A Proposta de Emenda Constitucional (PEC) que limita o aumento dos gastos públicos à inflação do ano anterior tem despertado questionamentos importantes, principalmente da parte de analistas que se dizem preocupados em preservar os gastos públicos em educação e saúde. Segundo estes analistas, como as despesas com Previdência e assistência social vão crescer acima da inflação e o aumento do total de gastos não poderá ultrapassar a inflação do ano anterior, algum outro componente da estrutura de gastos públicos terá de ajustar-se para que a regra não seja descumprida. E os candidatos mais claros são saúde e educação.
Essas preocupações são bastante relevantes na medida em que educação e saúde deveriam ser as principais prioridades de qualquer país de renda média, como o Brasil, que pretenda se tornar um país de renda elevada no futuro. Mas elas partem da premissa de que é inexorável que os gastos com aposentadorias e pensões cresçam acima da inflação do ano anterior.
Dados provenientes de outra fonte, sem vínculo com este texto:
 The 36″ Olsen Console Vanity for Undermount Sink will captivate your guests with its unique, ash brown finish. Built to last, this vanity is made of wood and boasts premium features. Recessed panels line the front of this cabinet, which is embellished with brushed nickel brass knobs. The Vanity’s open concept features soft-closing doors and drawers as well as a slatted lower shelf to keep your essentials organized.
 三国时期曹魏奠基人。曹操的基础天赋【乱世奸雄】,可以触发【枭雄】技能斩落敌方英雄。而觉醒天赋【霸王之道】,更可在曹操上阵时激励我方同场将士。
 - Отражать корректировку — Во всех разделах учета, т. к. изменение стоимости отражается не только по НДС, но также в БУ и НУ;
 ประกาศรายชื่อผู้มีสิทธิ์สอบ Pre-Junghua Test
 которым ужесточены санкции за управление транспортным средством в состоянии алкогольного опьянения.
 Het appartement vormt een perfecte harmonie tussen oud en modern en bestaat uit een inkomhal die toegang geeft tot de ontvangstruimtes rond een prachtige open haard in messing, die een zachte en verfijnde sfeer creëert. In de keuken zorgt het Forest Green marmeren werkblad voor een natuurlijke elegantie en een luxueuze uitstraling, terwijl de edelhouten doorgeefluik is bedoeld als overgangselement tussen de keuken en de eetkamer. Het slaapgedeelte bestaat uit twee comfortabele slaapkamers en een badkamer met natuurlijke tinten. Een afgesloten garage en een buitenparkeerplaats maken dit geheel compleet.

Porém, a evolução desses gastos depende da manutenção ou não das regras hoje vigentes no sistema previdenciário e assistencial do país, o que, como veremos, é insustentável.
Nosso sistema de aposentadorias e pensões é extremamente generoso, se comparado ao de outros países. O Brasil gasta hoje 13% do PIB com aposentadorias e pensões de inativos do setor público e do setor privado e tem aproximadamente 7% de sua população com mais de 65 anos de idade. Países que gastam esse montante do PIB com assistência e Previdência Social (Alemanha, por exemplo) têm uma porcentagem muito maior da população com mais de 65 anos (mais de 20%, no caso da Alemanha).
O Brasil é um claro “outlier”, ou seja, fora do normal, neste quesito. É um dos poucos países que não têm uma idade mínima para se aposentar. Em média, a idade em que as pessoas se aposentam no Brasil é 55 anos, ou seja, no auge da capacidade de trabalho. Hoje, 41,5% das despesas do orçamento público federal se destinam a pagar aposentadorias e pensões. E o pior é que, como a expectativa de vida da população está aumentando, mantidas as regras atuais, a tendência ao aumento do gasto é inexorável. Com inflação de 4,5% ao ano, os gastos com Previdência e assistência social aumentariam 9,8% ao ano. Se nada for feito e se todos os outros itens do Orçamento forem reajustados pela inflação, daqui a 20 anos os gastos com Previdência e assistência atingirão 64% do total de gastos do governo federal.
Por outro lado, caso a PEC seja aprovada, sem reforma do sistema de aposentadorias e pensões, em 20 anos todo o gasto do governo federal terá de ser destinado a pagar estes benefícios. Isso mostra que apenas aprovar a PEC não é uma proposta viável. Será necessário aprovar também uma mudança abrangente nas regras da Previdência e assistência social. Por outro lado, a não aprovação da PEC não resolverá o problema, apenas adiaria o dia da verdade. Seria como dar morfina a um doente em estado quase terminal. Diminui as dores no curto prazo, mas enfraquece ainda mais o doente no longo prazo. É fundamental intervir para curar a doença, ainda que o tratamento seja doloroso.
A excessiva benevolência do sistema de Previdência e assistência social brasileiro terá de ser atacada mais cedo ou mais tarde. E, quanto mais cedo, menos doloroso será o tratamento. A maior virtude da PEC que limita o crescimento dos gastos é exatamente explicitar esse fato, na medida em que mostra que o sistema previdenciário é insustentável. Com isso, espera-se que todos os cidadãos efetivamente interessados em preservar os gastos com saúde e educação se mobilizem em prol da aprovação de uma reforma que torne o sistema de aposentadorias e pensões sustentável. Não aprovar esta PEC com o argumento de que, com ela, os gastos com educação e saúde teriam de ser reduzidos, seria um tiro que sai pela culatra.
Fonte: “O Estado de S. Paulo”, 21 de agosto de 2016.